◆ What needs to be done: Could you please write out each line of the records exactly, minus the pictures?

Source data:
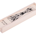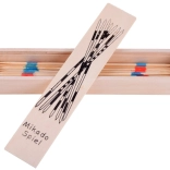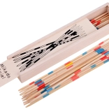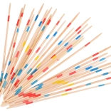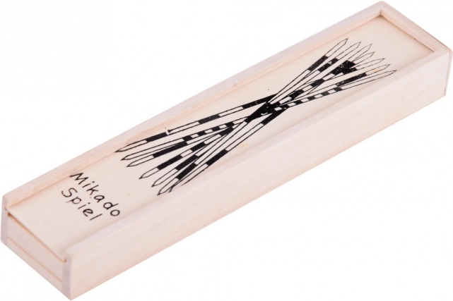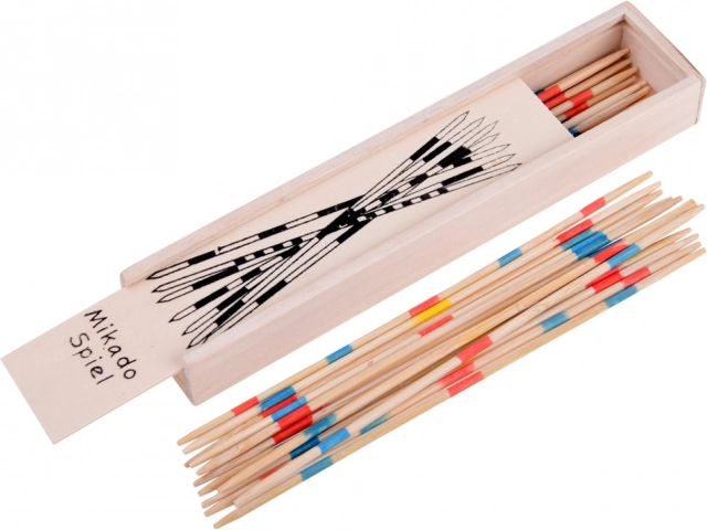 Genießen Sie zeitlosen Spielspaß mit dem Mikado aus Holz. Werfen Sie das Bündel Stäbchen auf den Tisch und heben Sie sie abwechselnd vorsichtig auf, ohne dass sich ein anderes Stäbchen bewegt. Verschiedene Farbringen geben den Punktewert an – gewonnen hat, wer die höchste Gesamtsumme erzielt.
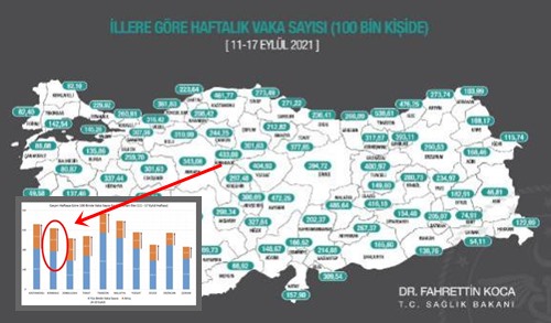Bakan Koca, ayrıca haritaya göre vaka sayısı son 1 haftada en çok artan 10 ili paylaştı. Koca, yaptığı değerlendirmede şu ifadeleri kullandı:"11-17 Eylül arasında vaka yoğunluğu bir önceki haftaya göre en çok artan 10 ilimiz; Kastamonu, Kırıkkale, Zonguldak, Tokat, Trabzon, Malatya, Yozgat, Düzce, Erzincan, Çorum. Bu illerden birindeyseniz şimdi daha da dikkatli olmalısınız. Nihai çözüm aşı, tedbirler şart."
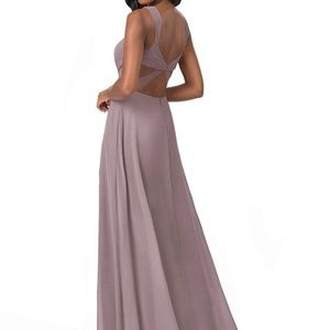 A-Line Pleated Chiffon Floor-Length Dress in the color Dusk
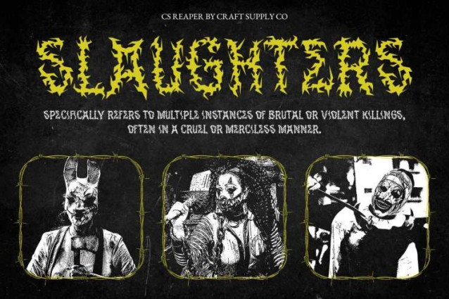 Designed for metal band logos, concert posters, album covers, horror branding, and occult-inspired artwork, CSReaper thrives in dark and chaotic compositions. Whether used for merchandise, extreme music festivals, or gothic-themed visuals, this font ensures a brutal and unforgettable impact.
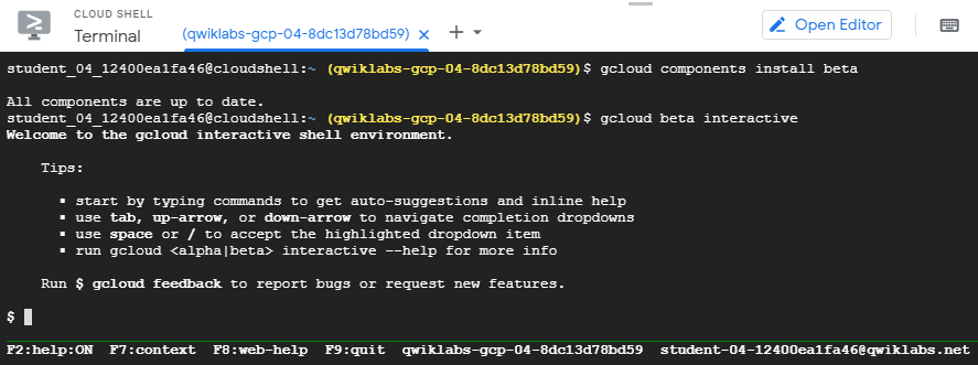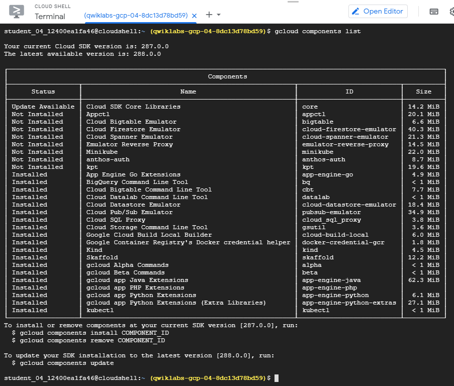 이 실습에서는 Cloud Shell을 사용하고 있으므로 gcloud를 수동으로 설치할 필요가 없다.
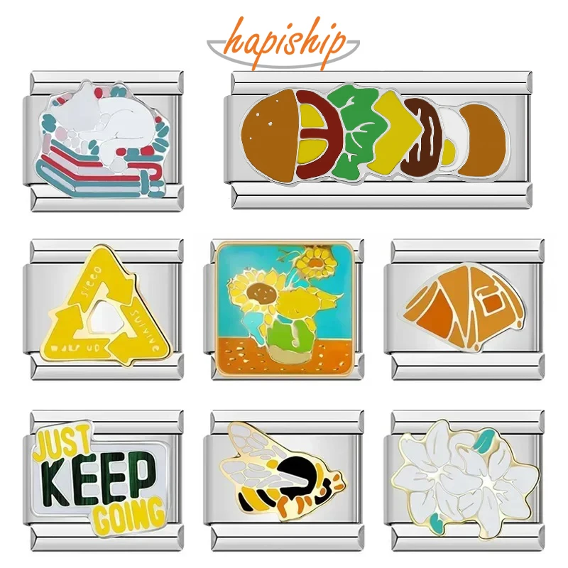 Hapiship 2025 Wholesale Star Love keep Sports Lcuk Italian Charm Fit 9mm Stainless Steel Bracelet Drop Shipping Jewelry DJ1441

◆ Result:
 Genießen Sie zeitlosen Spielspaß mit dem Mikado aus Holz. Werfen Sie das Bündel Stäbchen auf den Tisch und heben Sie sie abwechselnd vorsichtig auf, ohne dass sich ein anderes Stäbchen bewegt. Verschiedene Farbringen geben den Punktewert an – gewonnen hat, wer die höchste Gesamtsumme erzielt.
Bakan Koca, ayrıca haritaya göre vaka sayısı son 1 haftada en çok artan 10 ili paylaştı. Koca, yaptığı değerlendirmede şu ifadeleri kullandı:"11-17 Eylül arasında vaka yoğunluğu bir önceki haftaya göre en çok artan 10 ilimiz; Kastamonu, Kırıkkale, Zonguldak, Tokat, Trabzon, Malatya, Yozgat, Düzce, Erzincan, Çorum. Bu illerden birindeyseniz şimdi daha da dikkatli olmalısınız. Nihai çözüm aşı, tedbirler şart."
 A-Line Pleated Chiffon Floor-Length Dress in the color Dusk
 Designed for metal band logos, concert posters, album covers, horror branding, and occult-inspired artwork, CSReaper thrives in dark and chaotic compositions. Whether used for merchandise, extreme music festivals, or gothic-themed visuals, this font ensures a brutal and unforgettable impact.
 이 실습에서는 Cloud Shell을 사용하고 있으므로 gcloud를 수동으로 설치할 필요가 없다.
 Hapiship 2025 Wholesale Star Love keep Sports Lcuk Italian Charm Fit 9mm Stainless Steel Bracelet Drop Shipping Jewelry DJ1441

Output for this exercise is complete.